Я вскочил с дивана и завопил:
-- Я отрицаю гипотезу Бога! Долой декадентство мошеннического
христианства! Религия -- опиум для народа! Всем, что мы есть и чем только
надеемся стать, мы обязаны дьяволу и его контрабандным яблокам!
Мать погналась за мной с метлой. Чуть было не перецепилась
через нее, тыча мне в лицо соломенным веником на конце. Я оттолкнул метлу
и спрыгнул на пол. Затем прямо перед ней стянул с себя рубашку и встал
голый по пояс. Склонил к ней голову.
-- Спусти на меня свою нетерпимость, -- сказал я. --
Преследуй меня! Распни меня на дыбе! Вырази свое христианство! Пускай же
Воинствующая Церковь проявит свою кровавую душу! Оставьте меня висеть на
кресте в назидание! Тычьте раскаленной кочергой мне в глаза. Сожгите меня
на колу, христианские псы!
Мона зашла со стаканом воды. Забрала у матери метлу и
протянула ей воду. Мать выпила и чуть-чуть успокоилась. Потом поперхнулась
и раскашлялась прямо в стакан, готовая расплакаться.

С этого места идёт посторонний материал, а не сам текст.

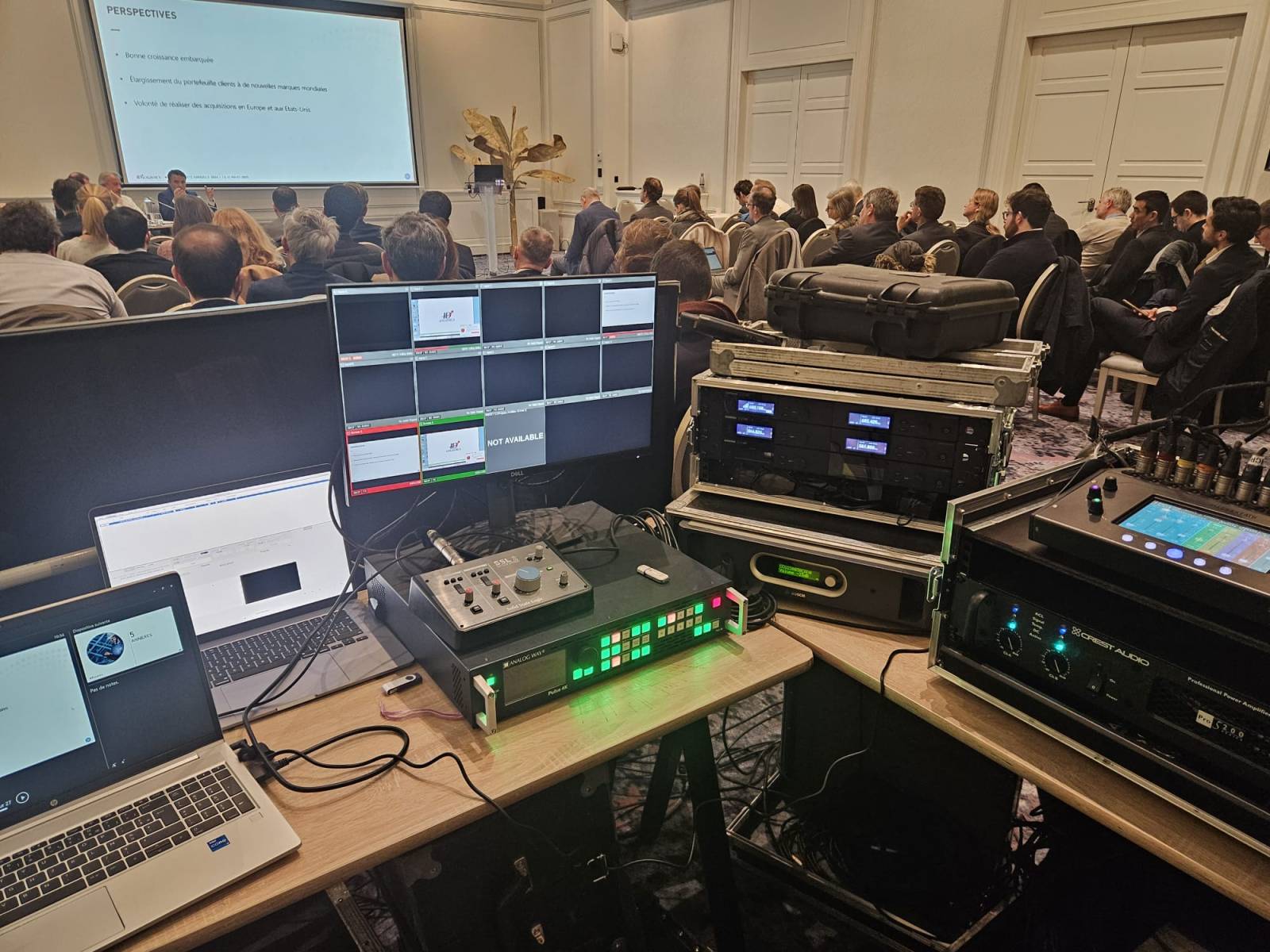 Pour cette mission, nous avons déployé une solution technique complète adaptée aux besoins de diffusion en direct et aux prises de parole des intervenants. La diffusion a été gérée avec le Pulse 4K Analog Way, offrant une commutation fluide entre différents ordinateurs et sources vidéo via PlaybackPro, pour une expérience visuelle dynamique et professionnelle.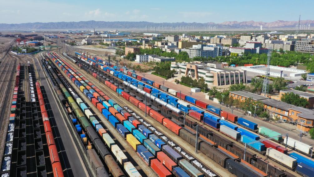 2024年5月25日,在新疆阿拉山口站宽准轨编组场,出入境中欧班列集结等待出发(无人机照片)。新华社发(于晖 摄)
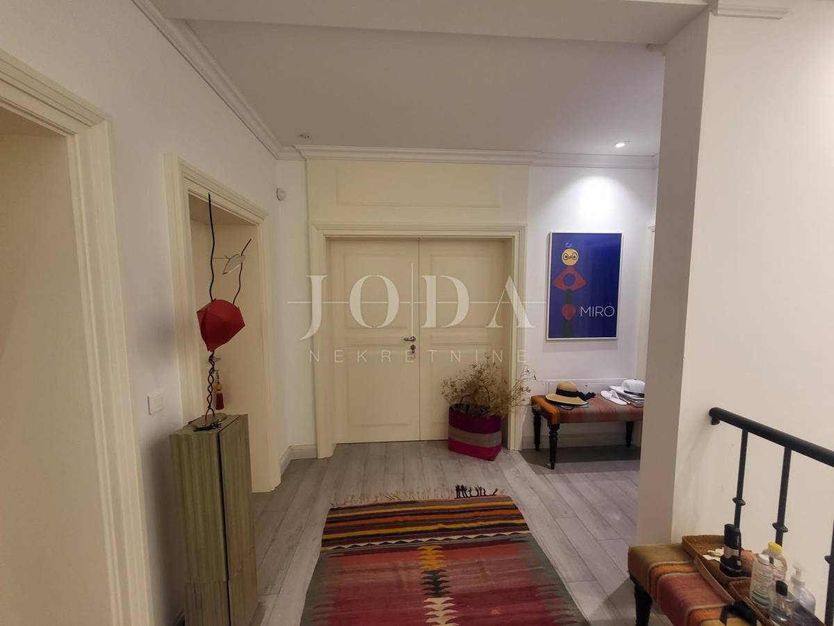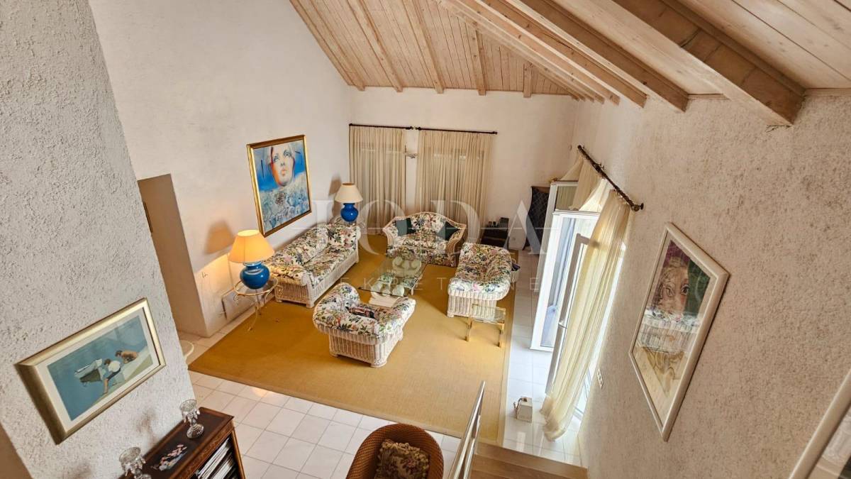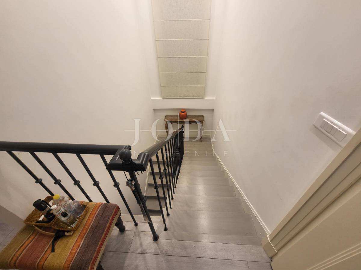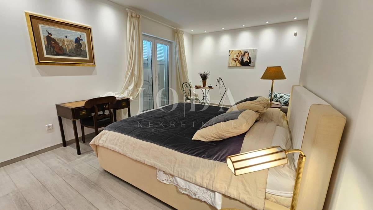 Na prvom katu nalazi se veliki ugodni dnevni boravak, blagavaonica, kuhinja, ostava te tri spavaće sobe od kojih svaka ima svoju kupaonicu. Stepenicama se dolazi na drugi kat na kojem se nalaze još 3 spavaće sobe također svaka od njih ima također svoju kupaonicu. Ovaj raspored prostora omogućuje funkcionalan i ugodan životni prostor, kombinirajući radni prostor, prostor za opuštanje i spavaće sobe s privatnim kupaonicama. Idealno je mjesto za udoban i praktičan život.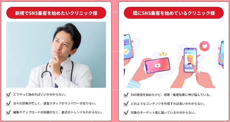 無理なSNS運用は、スタッフを疲弊させ、最悪の場合は離職を招きます。そんな不幸な結果にならないために、まずは医療業界を熟知したプロの目線を取り入れてみてください。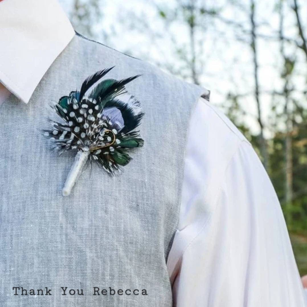Hunter Green, Fishing Boutonniere, White, Black, Gray, Green, Emerald, Feathers, Buttonhole, lapel, Pin-on, Corsage, Prom, Wedding, Event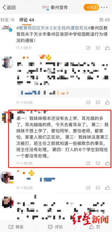 “他们打完后会威胁、警告,说告诉家长就在学校打死妹妹她们。”田某姐姐表示,如果这次被打视频没有传至网络,妹妹可能还将继续在学校被其折磨。 来源:新闻晨报 |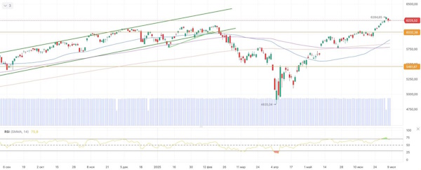 После обновления исторических максимумов ралли американского индекса приостановилось: S&P 500 перешел к коррекции на фоне сигналов перекупленности по индикатору RSI. Снижение может продолжиться вплоть до 6 030 пунктов — ближайшего значимого уровня поддержки.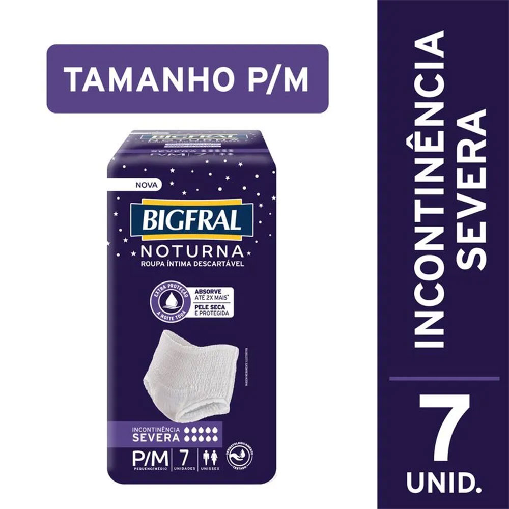 Bigfral Noturna Roupa Íntima Descartável P-M 7 Unidades. A Bigfral Noturna Roupa Íntima Descartável é ideal para incontinência severa e pós-parto, desenvolvida para homens e mulheres. Por absorver em segundos e até duas vezes mais, mantém a umidade longe da pele. As barreiras antivazamento trazem extra proteção a noite toda. Sua cintura elástica favorece movimentos livres e seguros e a cobertura suave como algodão garante mais conforto durante o sono.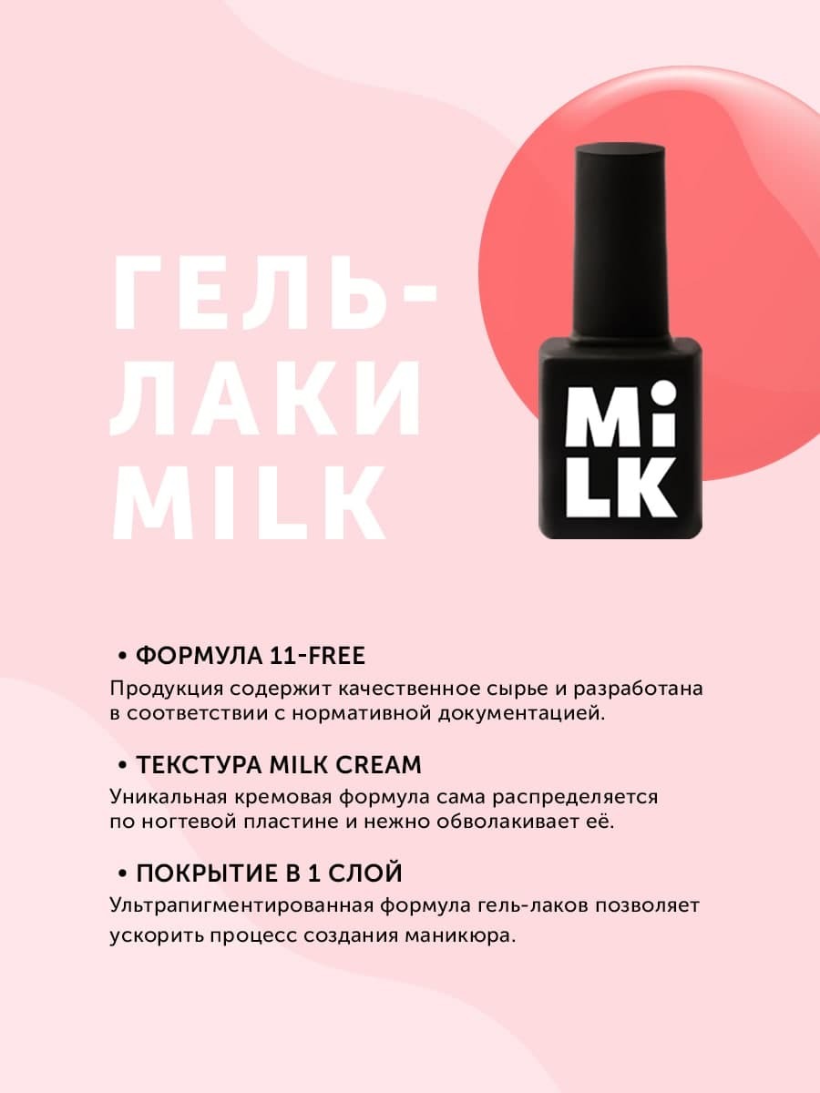 Гель-лаки MILK упакованы в стильные флаконы, которые будут идеально смотреться на твоих полках.
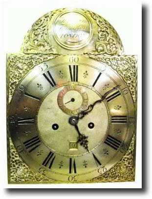 12 inch brass dial, restored, the dial signed Henry Thornton, London. The movement has been bushed and re-strung and is ready for installation. The chapter ring has been polished to brass and should be silvered. Minute hand is an incorrect replacement, but will suffice until you find a proper one. Dial has a matte center with calendar orifice at 6 and the calendar is functioning. With pulleys; without pendulum or weights. Measures 12 x 16 " $400-600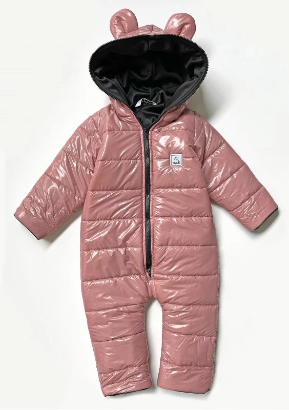 Kombinezon zimowy dziecięcy z uszami Pudrowy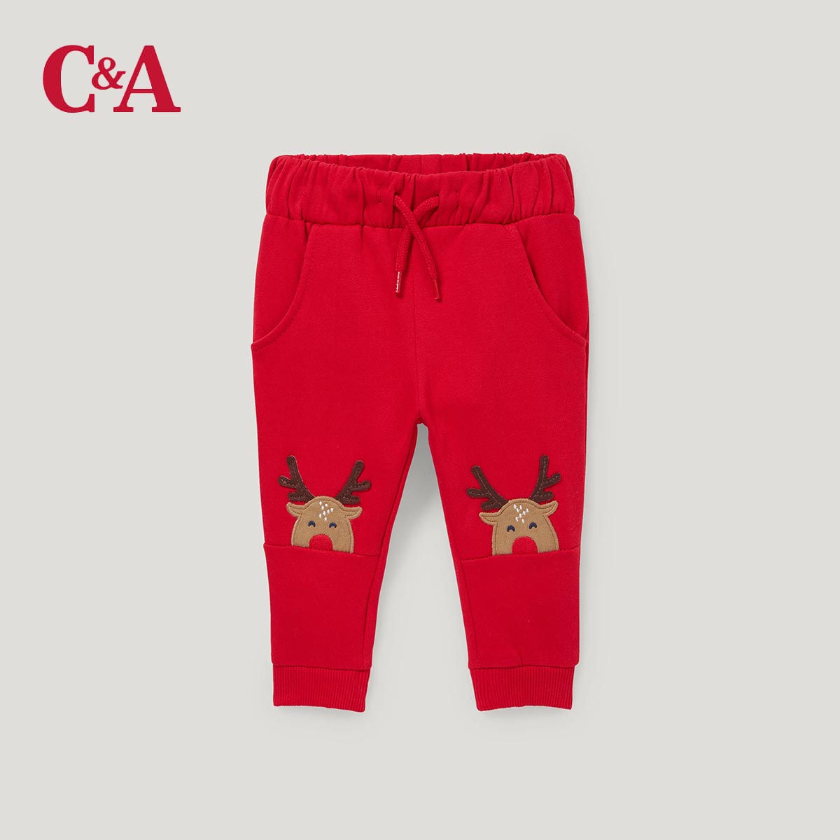 C&A RED FLEECE DEER APPLIQUE JOGGER TROUSER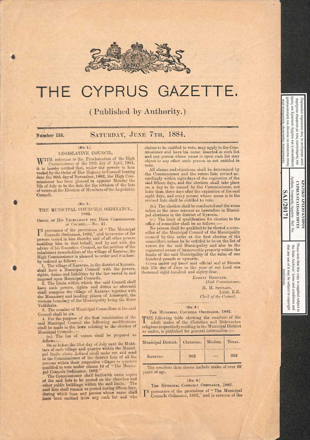 - Ο Μέγας Αρμοστής ευηρεστήθη να διατάξη και δη διά της παρούσης διατάττεται όπως τα μέλη του χωρίου Καραβά απαρτισθησομένου Δημοτικού Συμβουλίου ώσιν έξ τον αριθμόν ων πάντες έσονται Χριστιανοί.
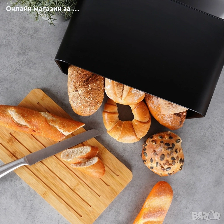 Просторна кутия за хляб с модерен дизайн. Има практичен капак под формата на дъска от дърво, която може да се използва за нарязване на хляб. Изглежда изключително впечатляващо в кухнята. Простият, класически дизайн гарантира, че се вписва в всяка кухня. Препоръчително е дъската да се намаже два пъти с рапично масло или зехтин, да се избърше излишъкът и да се остави за няколко часа. След това се измива добре с топла вода, избърсва се и се оставя да изсъхне напълно. Благодарение на тази обработка дъската ще абсорбира по-малко влага и ще запази правилната си форма по-дълго. Дъската не трябва да се мие в съдомиялна машина. Оригинален продукт на марката Vilde. Произведен в съответствие с европейските стандарти.
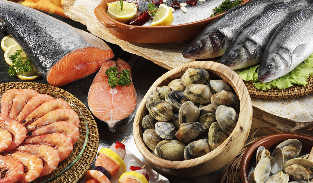 Мидии, креветки и свежая рыба на столе Обои для рабочего стола 1024x600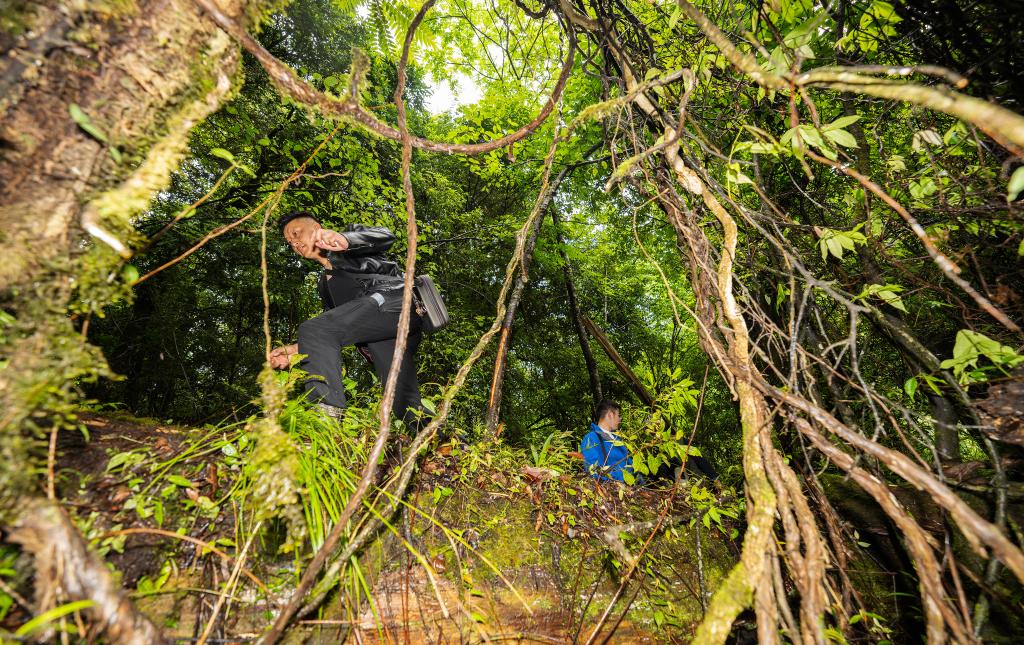 6月15日,波密縣林草局工作人員西繞(左)帶領(lǐng)大家穿過(guò)原始森林尋找亞洲第一高樹(shù)。

-- Мама! -- сказала Мона. -- Не плачь. Он чокнутый.
Она взглянула на меня восковыми невыразительными глазами.
Я отвернулся и отошел к окну. Когда я повернулся к ним снова, она смотрела
на меня по-прежнему.
-- Христианские псы, -- сказал я. -- Буколические водостоки!
Бубус Американусы! Шакалы, выдры, хорьки и ослы -- вся ваша глупая братия.
Я один в целой вашей семье не отмечен клеймом кретинизма.
-- Дурак, -- сказала она.
Она ушли в спальню.
-- Не называй меня дураком, -- ответил я. -- Невроз ходячий!
Фрустрированная, закомплексованная, бредовая, слюнявая полумонахиня!
Мать сказала:
-- Ты это слышала? Какой ужас!
Они легли спать. Мне оставался диван, а им досталась
спальня. Когда их дверь закрылась, я вытащил журналы и залез с ними в постель.
Я радовался оттого, что могу рассматривать девушек при свете большой комнаты.
Гораздо лучше вонючего чулана. Я разговаривал с ними где-то с час -- уходил
в горы с Элейн, уплывал в Южные моря с Розой, и наконец, при групповой
встрече с ними всеми, расстеленными вокруг, я сообщил им, что у меня нет
любимчиков и что каждая по очереди получит свой шанс. Однако через некоторое
время я ужасно от этого устал, ибо все больше и больше чувствовал себя
идиотом, пока окончательно не возненавидел саму мысль о том, что они --
всего лишь картинки, плоские и одномерные, такие похожие друг на друга
и цветом, и улыбками. Да и улыбались все они как шлюхи. Все это стало окончательно
ненавистным, и я подумал: Посмотри на себя! Сидишь тут и разговариваешь
с кучей проституток. Прекрасным же сверхчеловеком ты сам оказался!
А если б Ницше тебя сейчас увидел? Или Шопенгауэр -- что бы он подумал?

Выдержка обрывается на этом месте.